Reputation: 11
I have input_data
like this:
input_data = [
{'vehicle': '001', 'store': 'foo1', 'qty': 100},
{'vehicle': '001', 'store': 'foo1', 'qty': 200},
{'vehicle': '001', 'store': 'baz1', 'qty': 300},
{'vehicle': '001', 'store': 'baz1', 'qty': 400},
{'vehicle': '002', 'store': 'foo2', 'qty': 500},
{'vehicle': '002', 'store': 'baz2', 'qty': 600},
{'vehicle': '002', 'store': 'baz2', 'qty': 700}]
What is the best way in Python to have the out_put
data look like as follows:
output_data = [{'vehicle': '001',
'store': [{'store': 'foo1', 'qty': [100, 200]},
{'store': 'baz1', 'qty': [300, 400]},
]
},
{'vehicle': '002',
'store': [{'store': 'foo2', 'qty': [500]},
{'store': 'baz2', 'qty': [600, 700]},
]
}]
Upvotes: 1
Views: 96
Reputation: 11
Below code produces expected output:
result_list=[] def check_duplicate(vehicle_name): for index,d in enumerate(result_list): if d.get("vehicle")==vehicle_name: return True,index for store_index ,store_value in enumerate(d.get("store")): if store_value.get("store")==vehicle_name: return True,store_index
return False,None
for data in input_data:
if isinstance(data,dict) and data.has_key("vehicle"):
#print data
result= check_duplicate(data.get('vehicle'))
if not result[0]:
result_list.append({'vehicle':data.get('vehicle'),'store':[{'store':data.get('store') , 'qty': [data.get('qty')]}]})
if result[0]:
print "check if store is already present"
store_check= check_duplicate(data.get('store'))
if store_check[0]:
result_list[result[1]].get("store")[store_check[1]].get("qty").append(data.get('qty'))
if not store_check[0]:
result_list[result[1]].get("store").append({'store':data.get('store') , 'qty': [data.get('qty')]})
print result_list
Upvotes: 0
Reputation: 520
One way of doing it with inbuilt itertools - groupby method
:
# Input data
input_data = [
{'vehicle': '001', 'store': 'foo1', 'qty': 100},
{'vehicle': '001', 'store': 'foo1', 'qty': 200},
{'vehicle': '001', 'store': 'baz1', 'qty': 300},
{'vehicle': '001', 'store': 'baz1', 'qty': 400},
{'vehicle': '002', 'store': 'foo2', 'qty': 500},
{'vehicle': '002', 'store': 'baz2', 'qty': 600},
{'vehicle': '002', 'store': 'baz2', 'qty': 700}]
# Main code
from itertools import groupby # For grouping a dataset
data = groupby(input_data, key = lambda x: x['vehicle']) # Grouping vehicles
final_data = []
for i in data:
inner = {}
outer = {}
for j in list(i[1]):
inner.setdefault(j['store'], []).append(j['qty'])
outer["vehicle"] = i[0]
outer["store"] = [{"store":i, "qty": j} for i, j in inner.items()]
final_data.append(outer)
print (final_data)
# Output
# {'vehicle': '001', 'store': [{'store': 'foo1', 'qty': [100, 200]}, {'store': 'baz1', 'qty': [300, 400]}]}, {'vehicle': '002', 'store': [{'store': 'foo2', 'qty': [500]}, {'store': 'baz2', 'qty': [600, 700]}]}]

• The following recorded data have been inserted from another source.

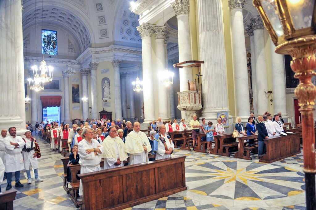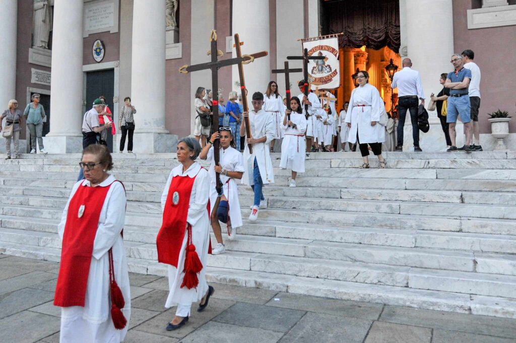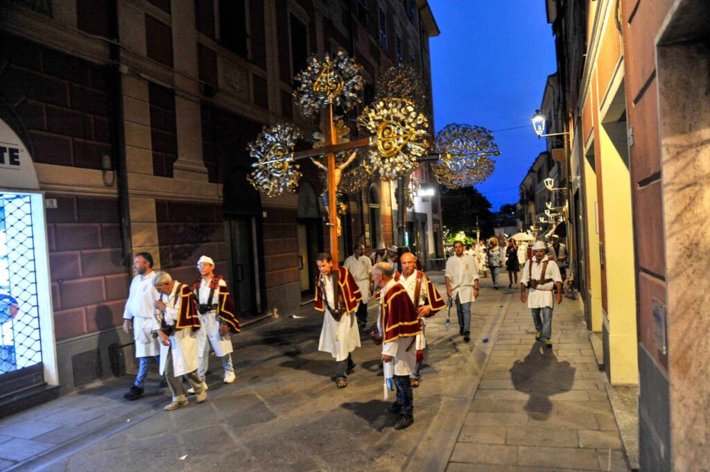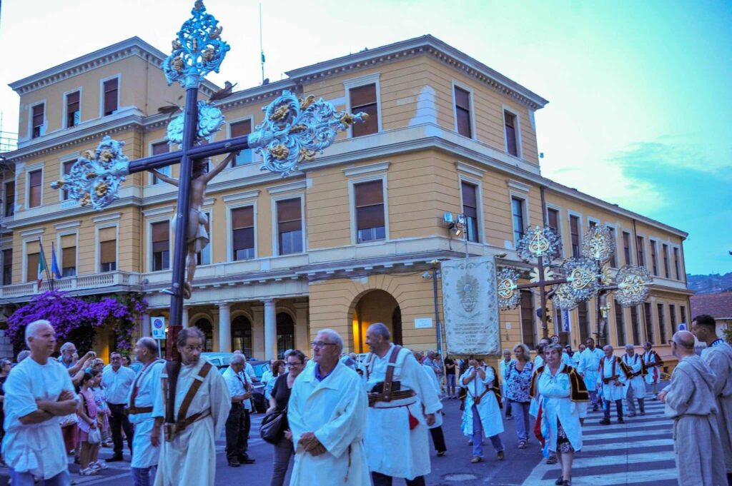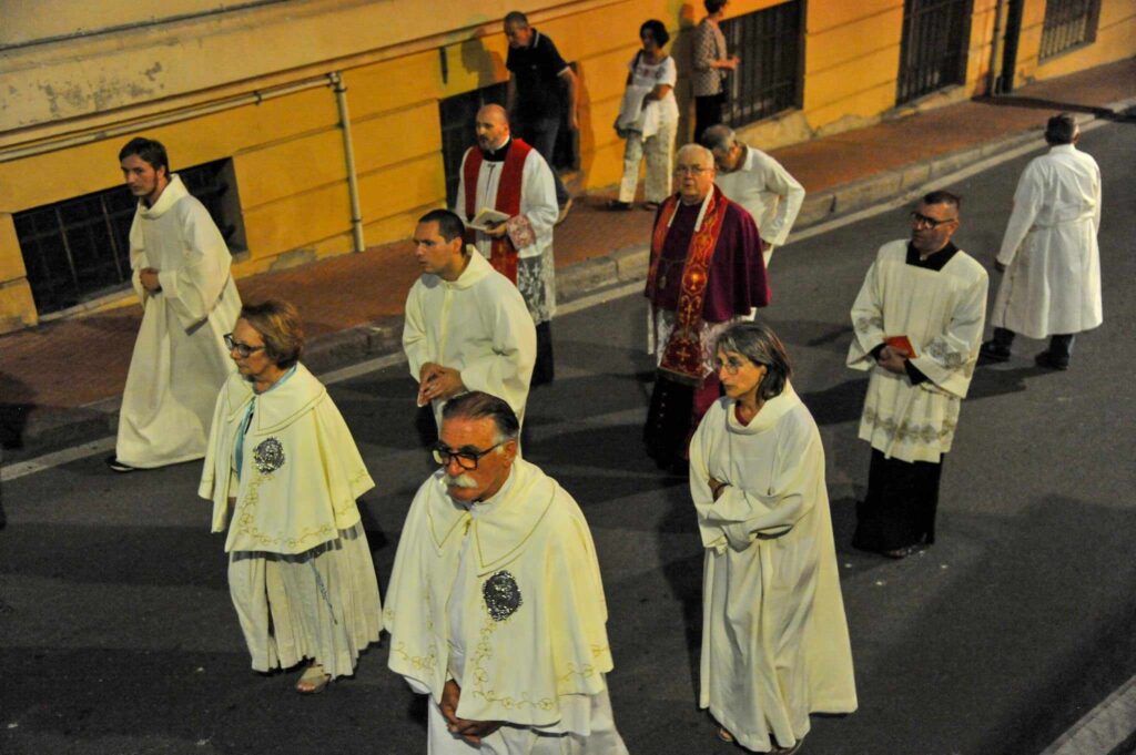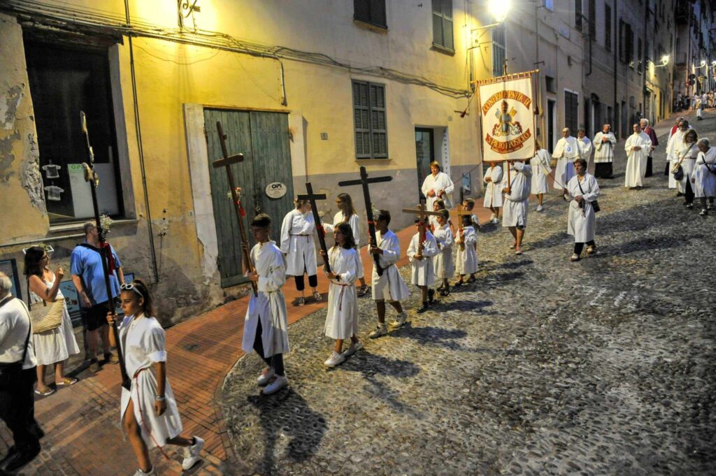 La storica cerimonia, organizzata dalla Confraternita di San Pietro Apostolo, fondata il 5 settembre 1599 a Porto Maurizio, è iniziata, dopo la messa solenne celebrata dal parroco della Basilica Concattedrale San Maurizio monsignor Lucio Fabbris, con la suggestiva processione notturna per le vie di Porto Maurizio.
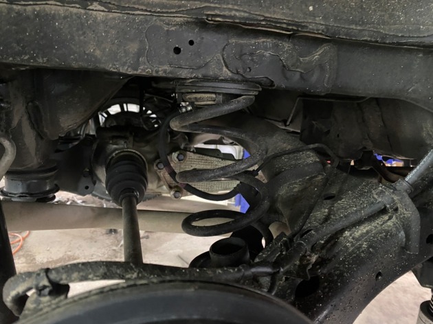ショックアブソーバーを取り外し終えたら、持ち込みのリフトアップスプリングへ交換します。
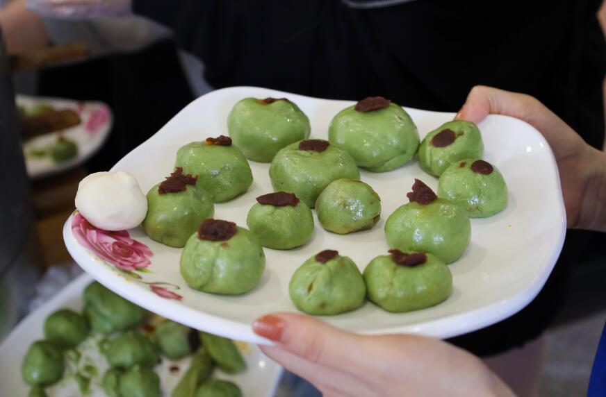 “我们家清明节会吃蒿子粑。”“我们家那边清明节都会放风筝。”……由于来自不同的地方,员工们也在互相分享着不同地区的风俗习惯。在此之前,来自安徽淮北的闫如玉从来没有吃过青团,在了解到此次活动要制作青团后,她特意从网上查找了相关资料。“青团的面很粘手,在同学们的提醒下我才知道得用熟食粉抹在青团表面。”
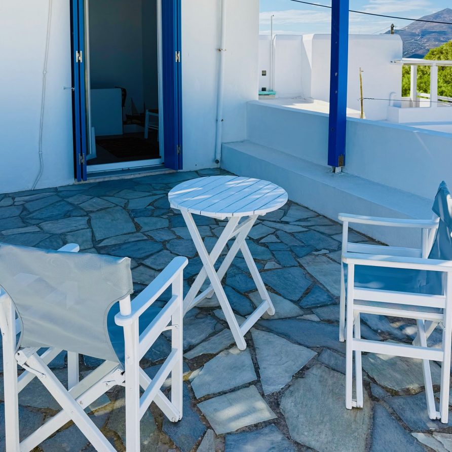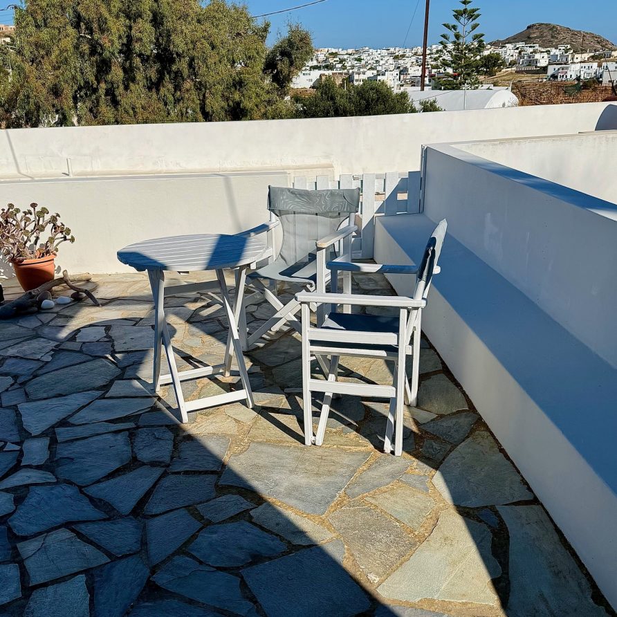 Peaceful studio in Trypiti, Milos with spacious private terrace and village views. Ideal for couples seeking quiet holidays away from the crowds. A car is strongly recommended due to the sloped village access.
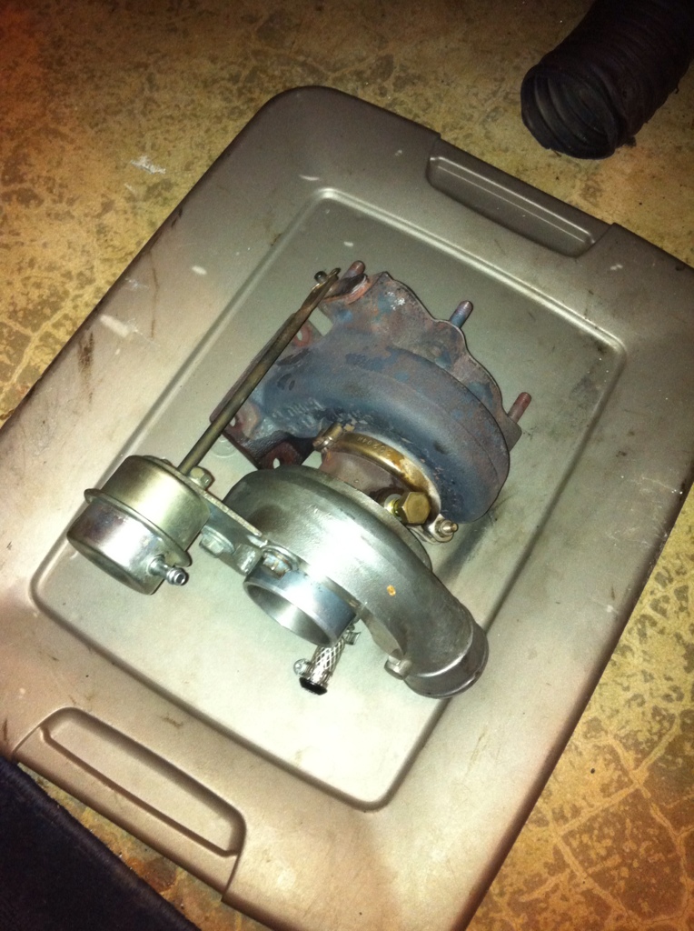 Greddy TD-04 turbo-no leaks, very slight axial play (normal), no radial play. Worthless greddy wastegate was replaced with good one, and has given me very steady boost with JP's signal source. No leaks, oil shown on clamp is from removing the feed line. $225 shipped obo
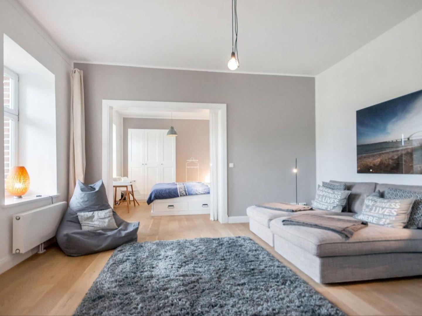 150qm große Ferienwohnung, 2 Schlafzimmer mit Blick in den Garten und ein weiteres Schlafzimmer mit Blick nach vorne, geräumige Wohnküche, großzügige Wohnräume mit gehobener Ausstattung und viel Platz zum Entspannen. Große Terrasse und großer Garten zur alleinigen Nutzung. Es besteht auch die Möglichkeit, das komplette Landhaus zu mieten.
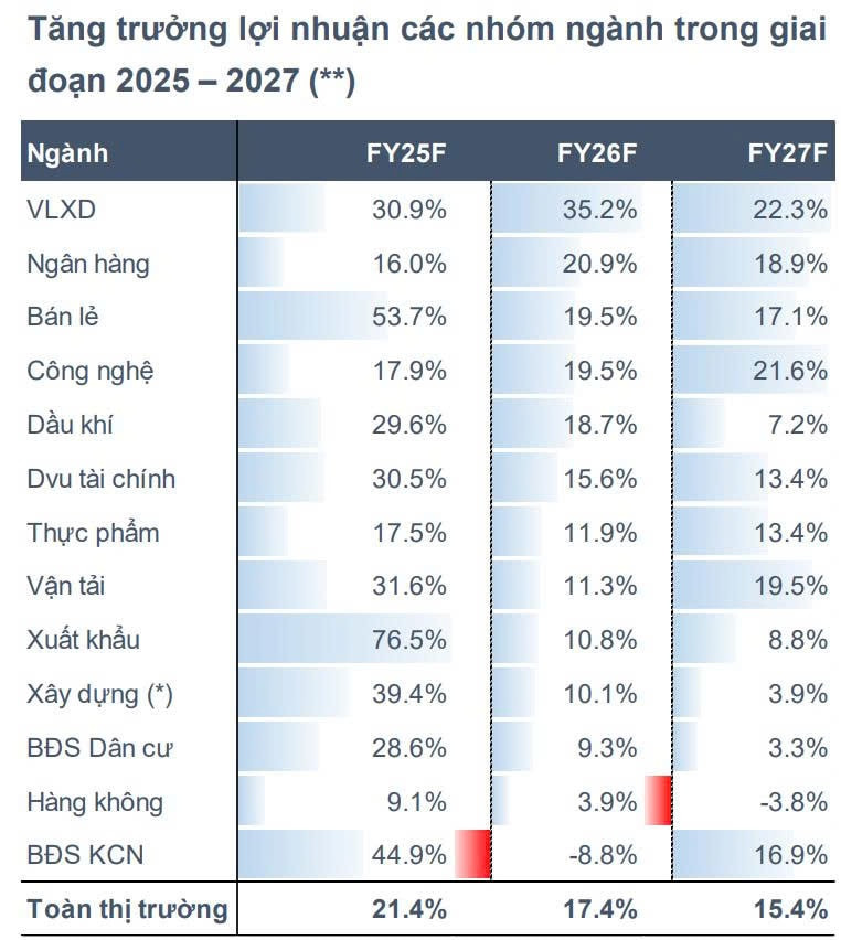 Cũng theo báo cáo, sau khi loại trừ lợi nhuận bất thường, lợi nhuận toàn thị trường được ước tính tăng 20% - 21% năm 2025 và khoảng 15% - 17% trong giai đoạn 2026 - 2027. Nhóm vật liệu xây dựng nổi bật nhờ dự án Dung Quất 2 của HPG, cùng sự phục hồi của HSG và NKG khi tái cơ cấu thị trường. Ngân hàng duy trì tăng trưởng hai chữ số nhờ tín dụng cải thiện; bán lẻ được hỗ trợ bởi tiêu dùng thiết yếu; dầu khí chậm lại nhưng ổn định nhờ giá dầu ít biến động. Trong bối cảnh lãi suất tăng, doanh nghiệp có “tiền mặt ròng” được đánh giá có sức đề kháng tốt hơn.

I hope this helps and counts!
Upvotes: 0
Reputation: 27495
You can use itertools.groupby
and operator.itemgetter
names = v, s, q = 'vehicle', 'store', 'qty'
v_key, s_key, q_key = map(itemgetter, names)
output_data = [{v: {s: [{s: sk, q: list(map(q_key, sv))}
for sk, sv in groupby(vv, s_key)]}}
for vk, vv in groupby(input_data, v_key)]
Results:
[{'vehicle': {'store': [{'qty': [100, 200], 'store': 'foo1'},
{'qty': [300, 400], 'store': 'baz1'}]}},
{'vehicle': {'store': [{'qty': [500], 'store': 'foo2'},
{'qty': [600, 700], 'store': 'baz2'}]}}]
Upvotes: 0
Reputation: 15872
You can try this, I am sure there's an elegant way, but can't figure it out at the moment:
import pandas as pd
input_data = [
{'vehicle': '001', 'store': 'foo1', 'qty': 100},
{'vehicle': '001', 'store': 'foo1', 'qty': 200},
{'vehicle': '001', 'store': 'baz1', 'qty': 300},
{'vehicle': '001', 'store': 'baz1', 'qty': 400},
{'vehicle': '002', 'store': 'foo2', 'qty': 500},
{'vehicle': '002', 'store': 'baz2', 'qty': 600},
{'vehicle': '002', 'store': 'baz2', 'qty': 700}]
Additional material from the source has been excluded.